Xophmeister · 4h ago
I've done this in my Claude settings, but it still doesn't seem that keen on following it:

> Please be measured and critical in your response. I appreciate the enthusiasm, but I highly doubt everything I say is “brilliant” or “astute”, etc.! I prefer objectivity to sycophancy.

lucianbr · 3h ago
> I appreciate the enthusiasm, but I highly doubt everything I say is “brilliant” or “astute”, etc.!

Is this part useful as instruction for a model? Seems targeted to a human. And even then I'm not sure how useful it would be.

The first and last sentence should suffice, no?

alienbaby · 3h ago
Remove everything after .... 'in your response' and you will likely get better results.
dncornholio · 3h ago
Too much context tokens.
bradley13 · 4h ago
Yes, ChatGPT can do this, more or less.
tempoponet · 4h ago
Yet I'll tell it 100 times to stop using em dashes and it refuses.
Sharlin · 3h ago
What kind of monster would tell a LLM to avoid correct typography?
lvl155 · 4h ago
Yeah because I am sure if they told you how stupid and wrong you’re, people will continue to use it.

It’s superficial but not sure why people get so annoyed about it. It’s an artifact.

If devs truly want a helpful coding AI based on real devs doing real work, you’d basically opt for telemetry and allow Anthropic/OpenAI to train on your work. That’s the only way. Otherwise we are at the mercy of “devs” these companies hire to do training.

spicyusername · 3h ago
It's not superficial. It's material to Claude regularly returning bad information.

If you phrase a question like, "should x be y?", Claude will almost always say yes.

lvl155 · 3h ago
If this is what you think, you might want to go back and learn how these LLMs work and specifically for coding tasks.
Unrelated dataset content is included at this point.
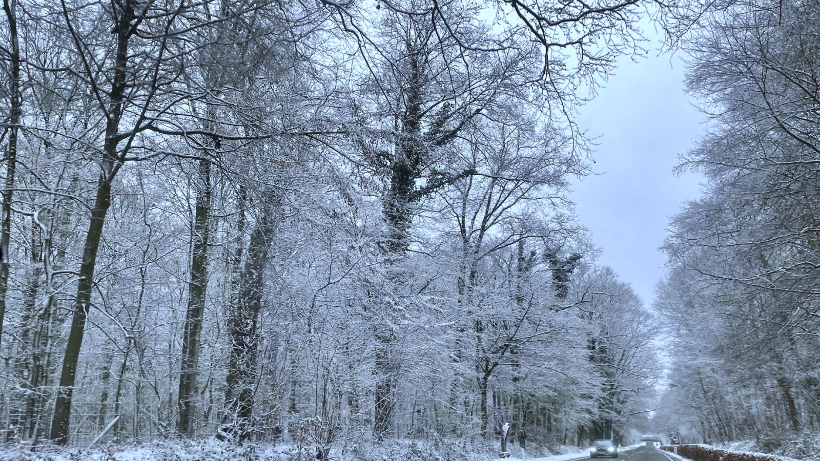 De wind had nog geen vat op de besneeuwde bomen. Hoe mooi was dat.

This is a classic case of know your tools.
criddell · 3h ago
> Yeah because I am sure if they told you how stupid and wrong you’re, people will continue to use it.
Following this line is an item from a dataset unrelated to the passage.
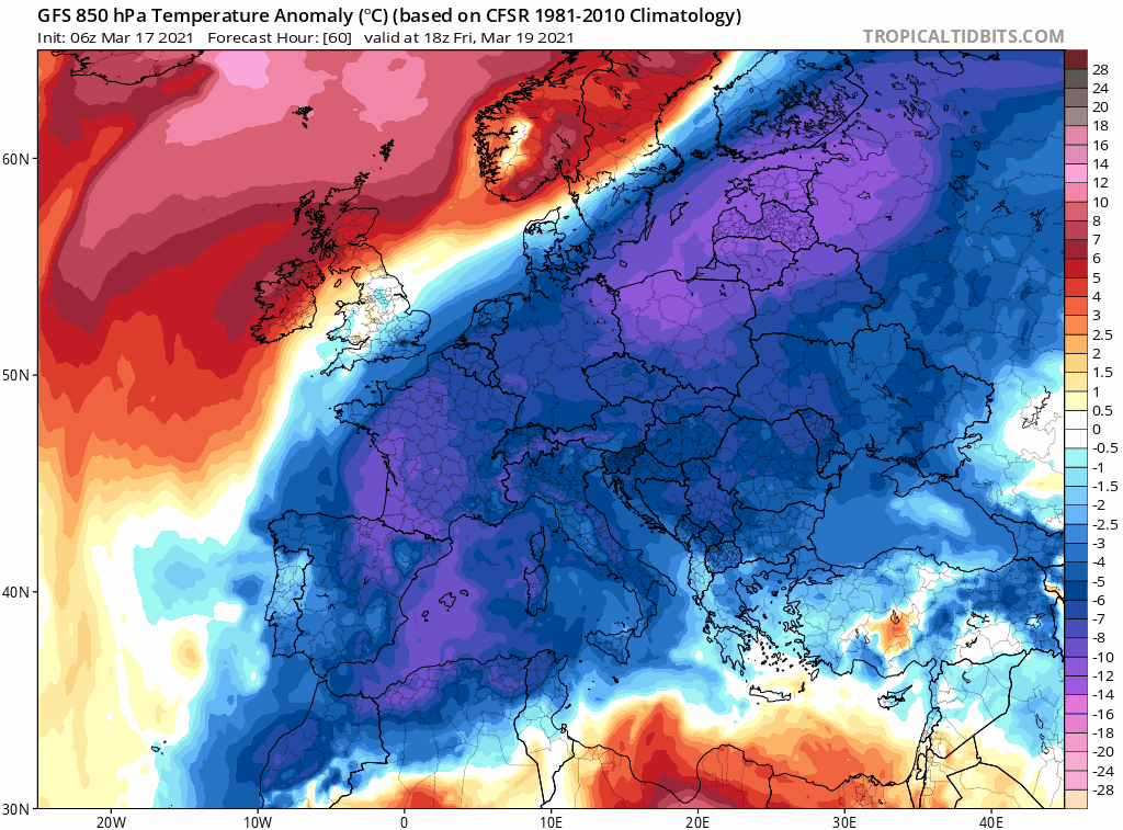 Anomalies thermiques de la masse d'air du samedi 20 au jeudi 25 mars 2021 - via tropicaltidbits.com

Are sycophant and jerk the only two options?

lvl155 · 3h ago
Maybe don’t take its responses so personally? You’re the one anthropomorphizing an LLM bot. Again, it’s just part of the product. If you went to a restaurant and your server was extra nice but superficial you wouldn’t constantly complain about how bad the food was. Because that’s exactly what this is.
criddell · 1h ago
UX matters and telling users that the problem lies with them is a tough sell especially when tone is something the LLM vendors specify.
FirmwareBurner · 3h ago
I would actually like it if robots would use slurs like an Halo/CoD lobby from 2006 Xbox live. It would make them feel more genuine. That's why people used to like using Grok so much, since it was never afraid to get edgy if you asked it to.